◆ Description of the task: Would you return exactly the lines from the top of the data below through the one containing "to corona virus", leaving out the pictures?

◆ Given records:
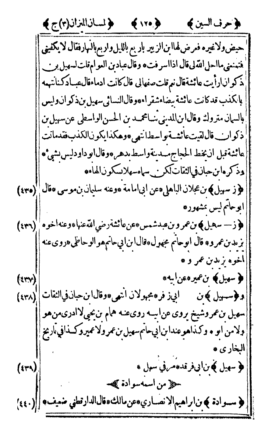 [438] "وسهيل" بن أبي زفر مجهولان انتهى وقال ابن حبان في الثقات سهيل بن عمرو شيخ يروى عن أبيه روى عنه همام بن يحيى لا أدري من هو ولا من أبوه وكذا هو عند بن أبي حاتم سهيل بن عمرو لا عمير وكذا في تاريخ البخاري.
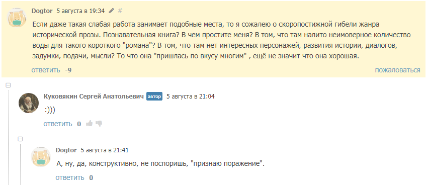 А я, не испытываю ненависти ни к человеку, ни к его книгам, он у меня вообще в друзьях вроде висит (если это слово вообще что-то значит). Мне не понравилась его крайне слабая работа и я её раскритиковал, на этом всё. Я не проявляю агрессии и стараюсь отвечать грамотно, основываясь не на личности автора, а на том, что он выдал мне на критику. Также, я не считаю своё мнение единственно правильным. Даже больше скажу, если бы автор как-то попытался мне что-то объяснить или доказать, то я, может быть, даже согласился бы с некоторыми его пунктами. Но это должно было произойти в том случае, если бы автор мне ответил нормально. И тут начинается самое интересное, на мой вкус.
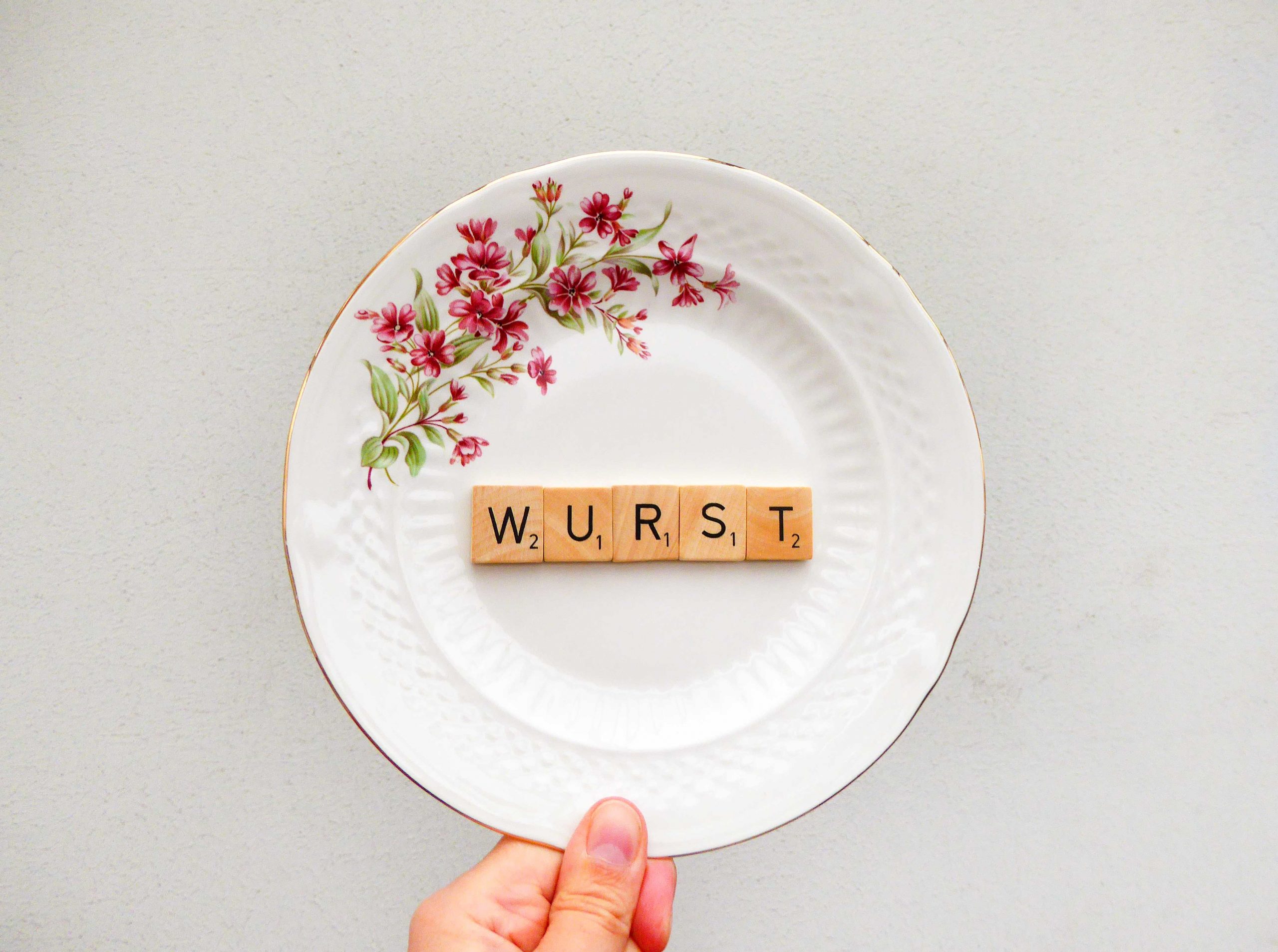 Dieser schöne Wandteller mit unserer Typo Wurst und einem besonderen burgund/rot Blumen Decor.
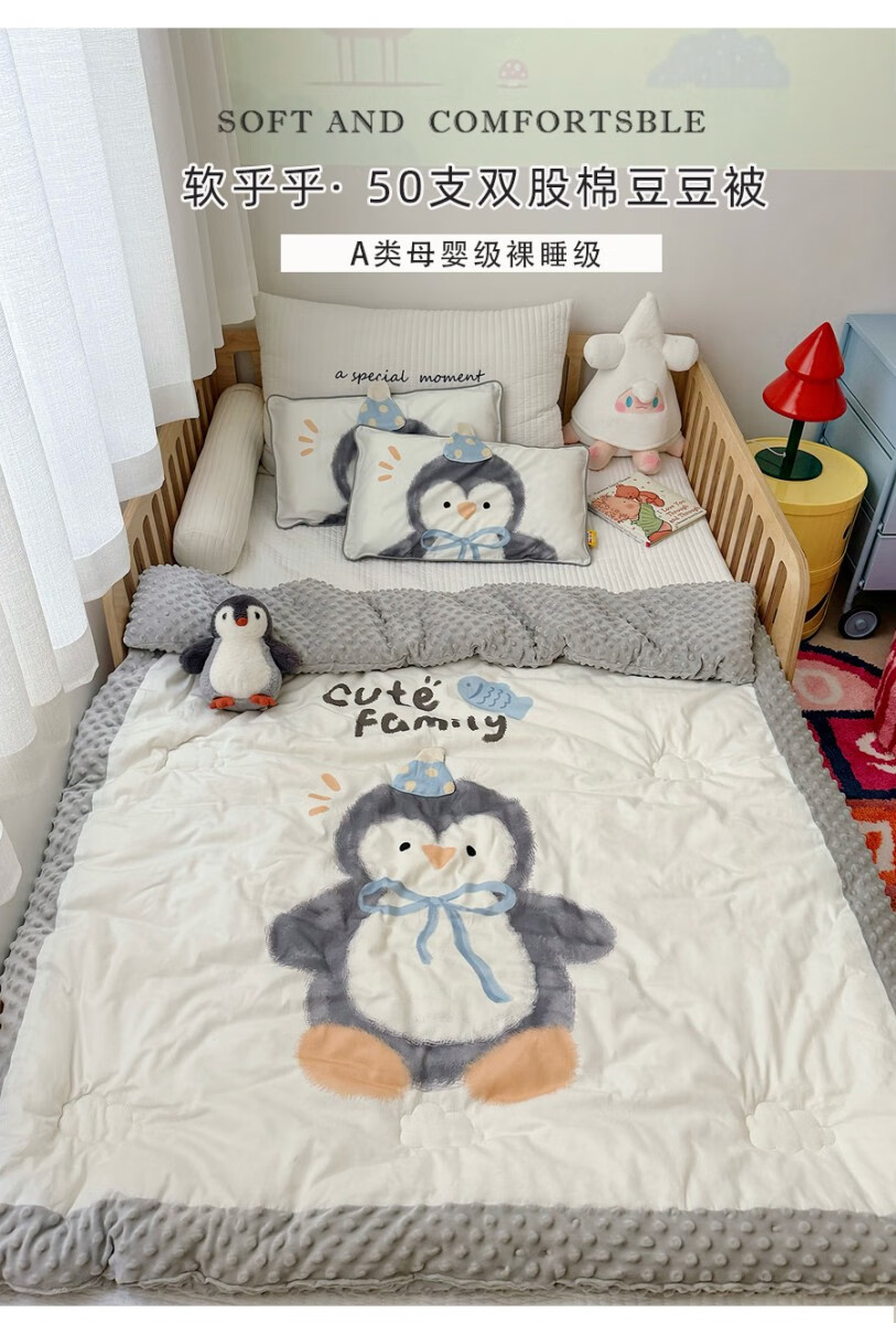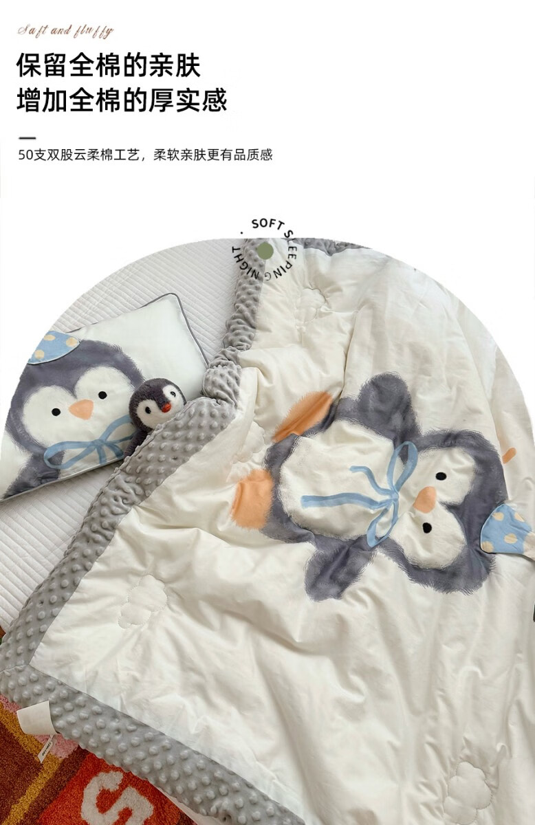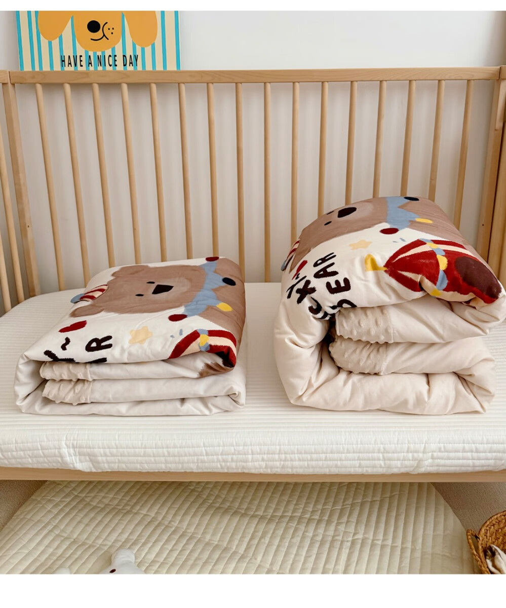 MOEDOOBIE Baby Cartoon Beanie Quilt Class A Beanie Velvet One-piece Quilt Children's Blanket Quilt Winter Quilt Soy Bean Quilt Thickened to Keep Warmth Large Version - Strawberry Rabbit Winter Quilt 120*150cm One-piece Quilt
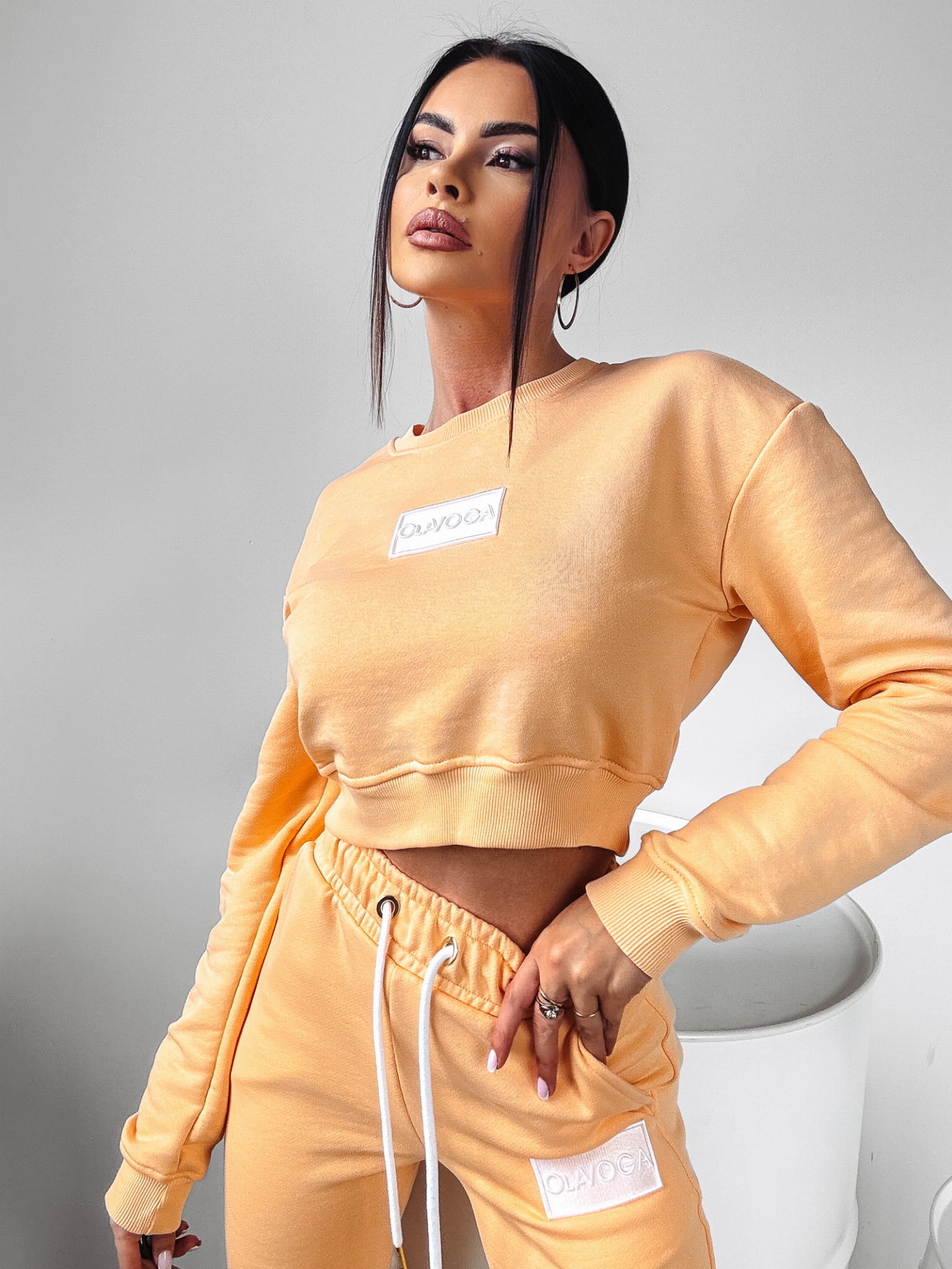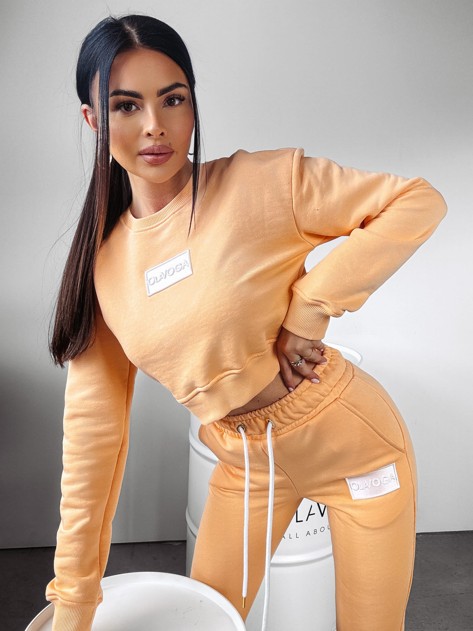 Komplet damski uszyty z wysokiej jakości materiału dresowego. Góra - bluza typu crewneck z naszywką z haftem OLAVOGA na przodzie. Bluza i spodnie zakończone ściągaczem. Regulacja poprzez sznurki. Na nogawce ta sama naszywka.
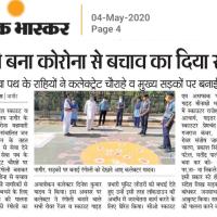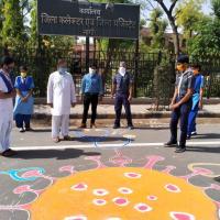 ]8 student team make a rangoli in collectrate nagaur .which aim to expain people to corona deasease.by rangoli explai to people to wear mask ,use sanitizer,handwash with soap and doctor ,nurse ,teacher, scout voluentier, cleaner men prevent to corona virus
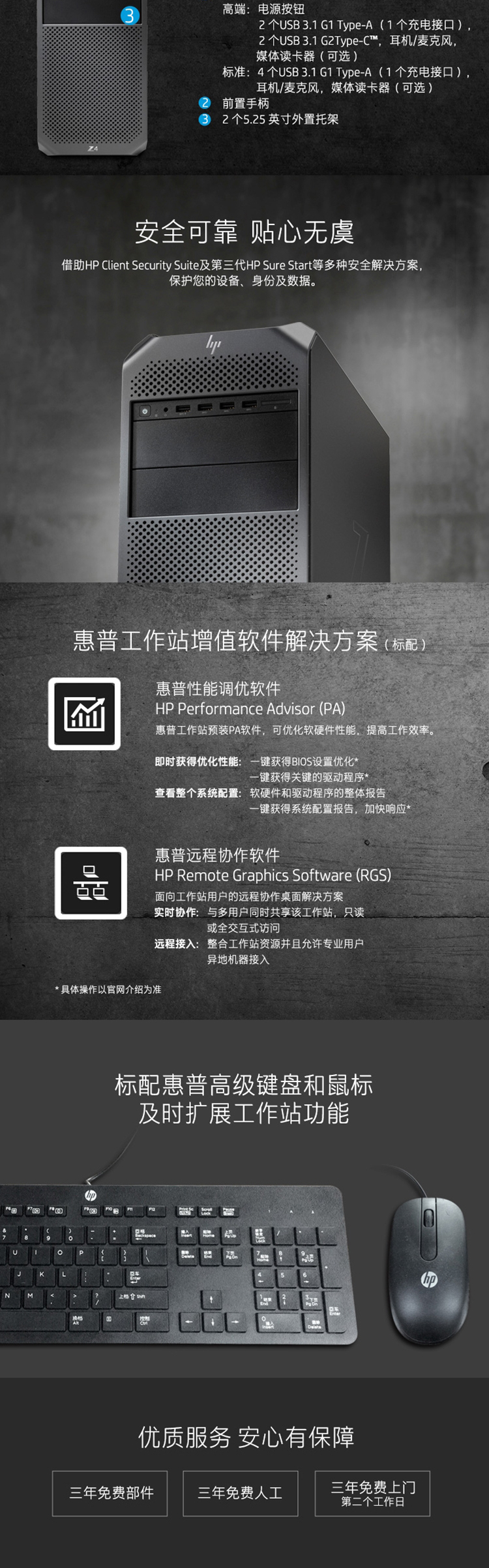 • 商品名称:惠普 Z4 G4 台式机工作站(W2123/8GB/ECC/1TB/SATA/P620/2GB独显/DVDRW/27寸显示器/系统支持win7/win10/3年保修)(单位:台)
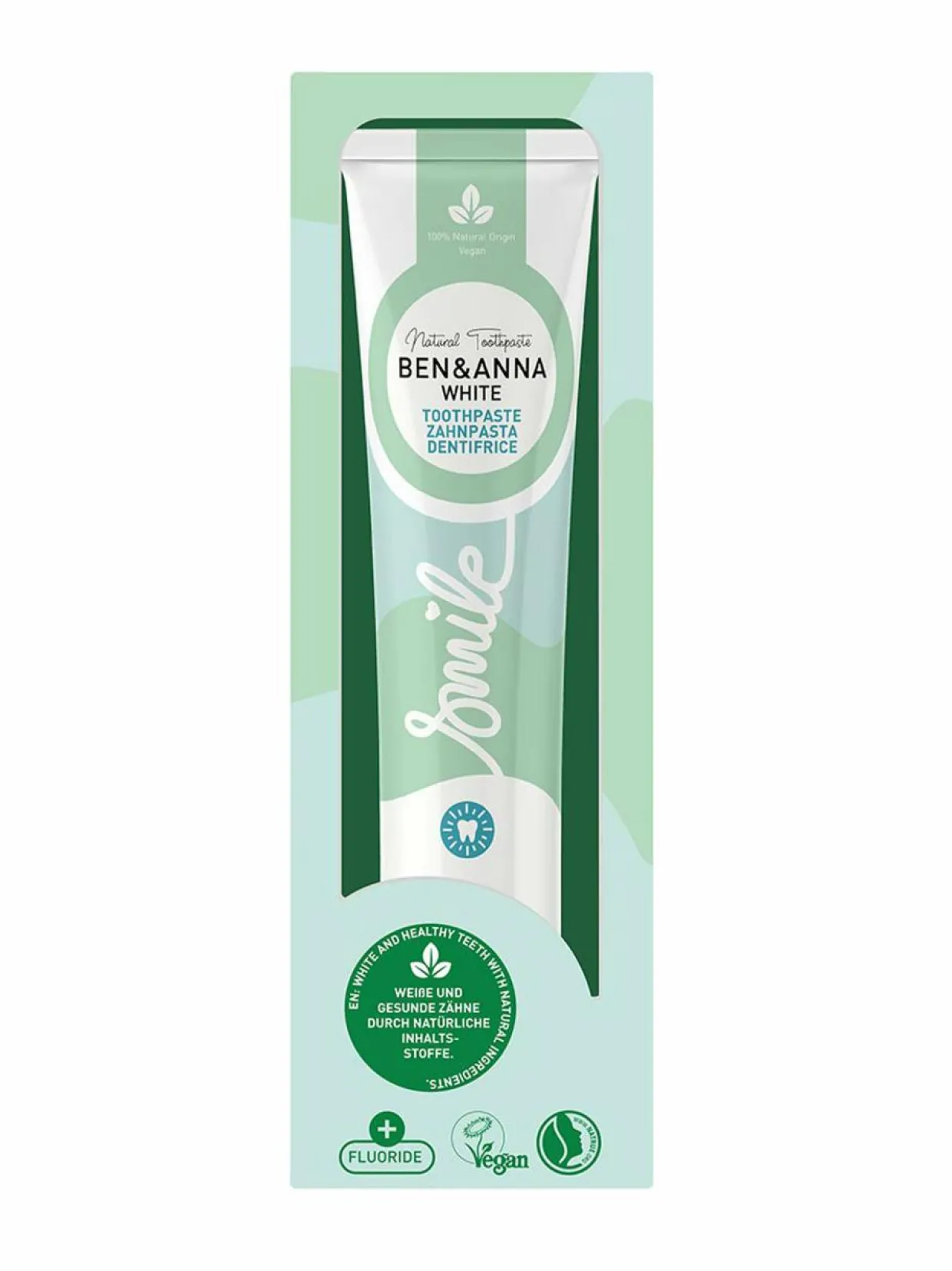 Luonnollisesti terveet hampaat ja raikas hengitys! Ben & Anna hammastahnat ovat saatavilla useissa mauissa, kuten raikkaan vihermintun ja villimarjan makuisena. Hyvien makujen lisäksi Ben & Anna pitää huolen siitä, että hammastahnat puhdistavat ja hoitavat tehokkaasti.Ben & Annan tuubihammastahnat sisältävät luonnollista natriumfluoridia, joka vahvistaa kiillettä ja vähentää reikiintymistä. Valitse oma suosikkisi ja nauti terveistä hampaista sekä raikkaasta hengityksestä!

◆ Exercise result:
 [438] "وسهيل" بن أبي زفر مجهولان انتهى وقال ابن حبان في الثقات سهيل بن عمرو شيخ يروى عن أبيه روى عنه همام بن يحيى لا أدري من هو ولا من أبوه وكذا هو عند بن أبي حاتم سهيل بن عمرو لا عمير وكذا في تاريخ البخاري.
 А я, не испытываю ненависти ни к человеку, ни к его книгам, он у меня вообще в друзьях вроде висит (если это слово вообще что-то значит). Мне не понравилась его крайне слабая работа и я её раскритиковал, на этом всё. Я не проявляю агрессии и стараюсь отвечать грамотно, основываясь не на личности автора, а на том, что он выдал мне на критику. Также, я не считаю своё мнение единственно правильным. Даже больше скажу, если бы автор как-то попытался мне что-то объяснить или доказать, то я, может быть, даже согласился бы с некоторыми его пунктами. Но это должно было произойти в том случае, если бы автор мне ответил нормально. И тут начинается самое интересное, на мой вкус.
 Dieser schöne Wandteller mit unserer Typo Wurst und einem besonderen burgund/rot Blumen Decor.
 MOEDOOBIE Baby Cartoon Beanie Quilt Class A Beanie Velvet One-piece Quilt Children's Blanket Quilt Winter Quilt Soy Bean Quilt Thickened to Keep Warmth Large Version - Strawberry Rabbit Winter Quilt 120*150cm One-piece Quilt
 Komplet damski uszyty z wysokiej jakości materiału dresowego. Góra - bluza typu crewneck z naszywką z haftem OLAVOGA na przodzie. Bluza i spodnie zakończone ściągaczem. Regulacja poprzez sznurki. Na nogawce ta sama naszywka.
 ]8 student team make a rangoli in collectrate nagaur .which aim to expain people to corona deasease.by rangoli explai to people to wear mask ,use sanitizer,handwash with soap and doctor ,nurse ,teacher, scout voluentier, cleaner men prevent to corona virus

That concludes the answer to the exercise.